Livestock Analysis | October 31, 2023

Livestock Analysis
Livestock Analysis
(Pro Farmer)

Hogs

Price action: Hog futures continued their recent advance, with the nearby December contract climbing 55 cents to $71.725.

Fundamental analysis: Cash hog prices in the form of the CME hog index are still declining seasonally. Last Friday’s official quote matched the preliminary calculation at $77.51, down 44 cents. Monday’s USDA numbers put yesterday’s unofficial quote at $77.13, down another 38 cents. Pork cutout also fell 88 cents to $86.98 at noon, but that only came after it ended Monday having surged $1.46 to $87.86.

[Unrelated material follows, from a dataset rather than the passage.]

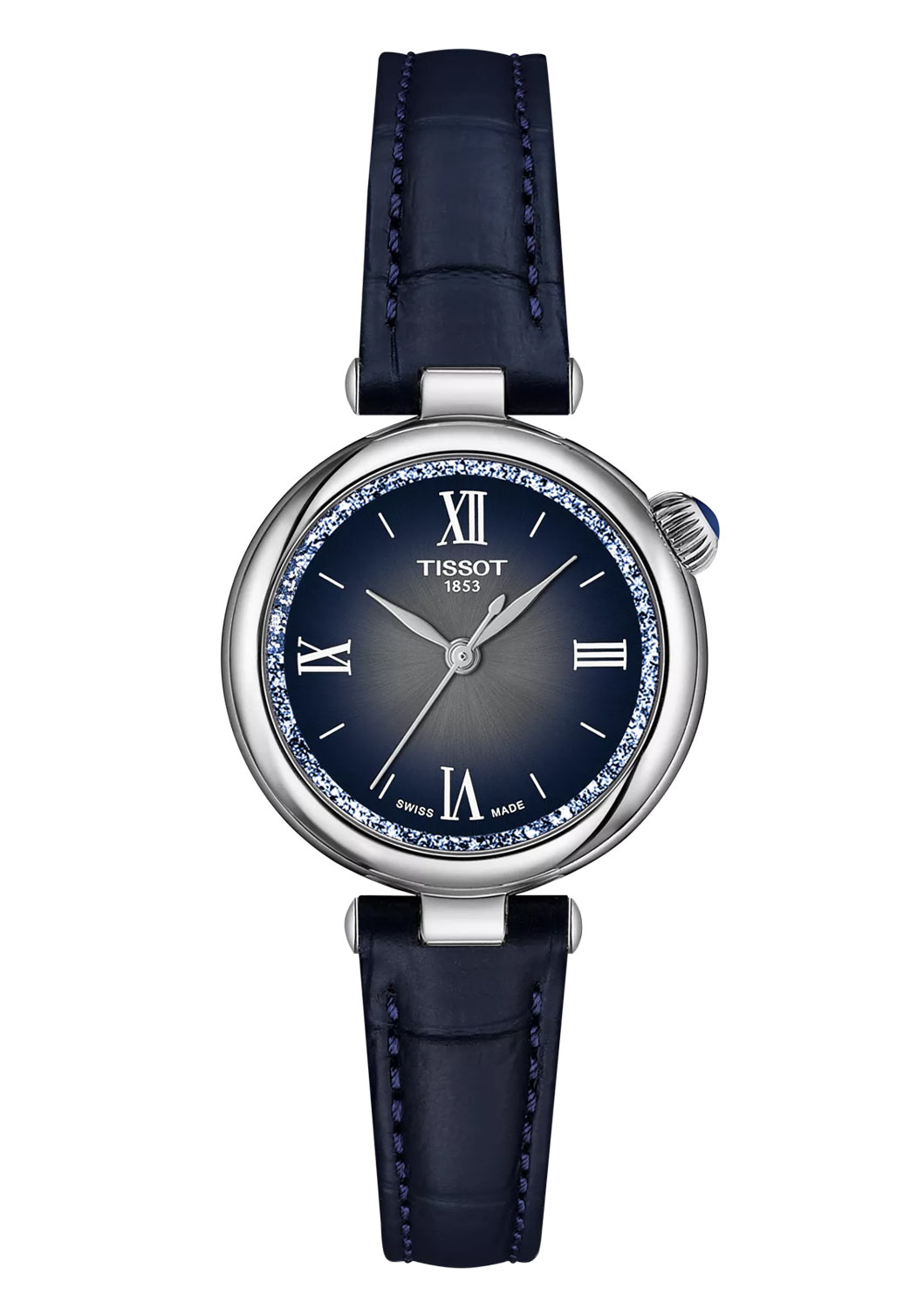 Hodinky Tissot z kolekce Desir zaujmou tenkým pouzdrem o průměru 28 mm, vyrobené z odolné nerezové oceli 316L, odolné vůči korozi a zaručující mnohaletý lesk. Korunka v hodinkách Tissot Desir je umístěna na dvou hodinách, díky čemuž je tento design jedinečný. Číselník účinně chrání konvexní safírové sklíčko, extrémně odolné proti poškrábání. Dámské hodinky Tissot T1520101603801 jsou vybaveny elegantním modrým koženým páskem s bezpečnou motýlkovou sponou na dva knoflíky. Přesný švýcarský strojek quartz s funkcí EOL (End-of-Life) zajišťuje spolehlivost a informuje vás, když je třeba vyměnit baterii, a nabízí mnoho let přesného provozu.

The recent shift in hog/pork sector psychology apparently reflects a much slower pace of decline by the cash market than previously anticipated. Moreover, pork cutout has moved generally sideways over the past two weeks, which might easily translate into firming cash prices as well. Thus, futures traders have seemingly concluded the late-year outlook is not as poor as previously expected, causing the recent CME advance. We would again point out that the December 2022 hog contract went off the board at $82.25 (although the hog index eventually sagged all the way to $71.18 last spring). Thus, even if forthcoming hog supplies modestly exceed expectations largely unchanged from late-2022 levels, it’s becoming rather easy to think futures in the $70.00’s are underpriced, especially if persuaded that current pork demand is proving stronger than seen late last year. We believe this is indeed the case, due in part to the comparative shortage of hams and turkeys available for the holiday season and in part to grocers having cut retail pork prices for consumers.

Technical analysis: The bulls’ inability to force a close above solid initial resistance at the December contract’s 40-day moving average near $71.74 implies bears still own a slight technical advantage for the short term. A breakout above that point would have bulls targeting the contract’s Oct. 6 high of $73.675, then its Sept. 28 and Sept. 20 highs of $76.10 and $78.70, respectively. Initial support is marked by last Friday’s high of $70.625 and today’s low of $70.60. That’s backed by the contract’s 20- and 10-day moving averages near $69.41 and $68.39, respectively.

What to do: Get current with feed advice. Carry all production risk in the cash market for now.  

Hedgers: Carry all risk in the cash market for now.

Feed needs: You have all corn-for-feed and soymeal needs covered in the cash market through November.   

 

 

Cattle

Price action: December live cattle futures closed 30 cents higher at $183.55, though expiring October futures went off the board 37.5 cents lower at $183.75. November feeder cattle futures rose just 2.5 cents before settling at $237.70, near mid-range.

Fundamental analysis: Live cattle futures reversed morning losses to close higher, though today’s price action indicates trader uncertainty. Outside markets were volatile ahead of the Federal Reserve’s interest rate decision on Wednesday. Bond selling has stabilized, which has led to stability in the stock market as well as the U.S. dollar index, which remains on recent highs. Crude oil futures continue to trend lower, which is concerning for commodity bulls.

The cash market has provided little clarity on cattle trade thus far this week. With fresh contracted supplies available Wednesday and considerable cattle trade taking place last week, packers can afford to hold off on purchases until next week to try to push their margins closer to the black. Wholesale beef prices slipped at midsession after rising the past two sessions. Choice cutout fell $2.83 to $306.45 while Select fell 84 cents to $280.05. Movement at midsession totaled more than Monday’s reduced total, indicating packers have inventory to move. Meanwhile, the Choice/Select spread remains historically wide at $26.40, showcasing the continued tightness of quality market-ready cattle supplies.

Feeder cattle continue to trade sideways, despite the sustained weakness in the corn market. Feeders led fat cattle lower since the September peak, which is uncommon, indicating the strength seen in fats recently could be short lived if that trend continues.

Technical analysis: December live cattle futures traded below Monday’s low, then rebounded, but were unable to overcome the resistance zone today. This will be key in the next two days for bulls to continue the recent bounce. Prices remain in a seven-week downtrend on the daily bar chart; bulls first objective is closing prices above the top end of last week’s gap lower at $184.425. Further buying would have bulls eyeing resistance at the psychological $185.00 mark, then $186.70. Bears are seeking to take out today’s low of $182.30, backed by the psychological $180.00 level.

November feeder cattle futures continue to trade sideways on the daily bar chart, as prices have traded around the $237.00 mark seven sessions in a row now. Bulls are eyeing a daily close above $238.00 before tackling resistance at $239.95. That’s quickly backed by the psychological $240.00 mark. Bears are looking to close prices below $236.00 support, which is backed by the recent low of $234.225.

What to do: Get current with feed advice. All production risk in the cash market for now but be prepared for some hedge coverage as we have demand concerns.  

Hedgers: Carry all risk in the cash market for now.

Feed needs: You have all corn-for-feed and soymeal needs covered in the cash market through November.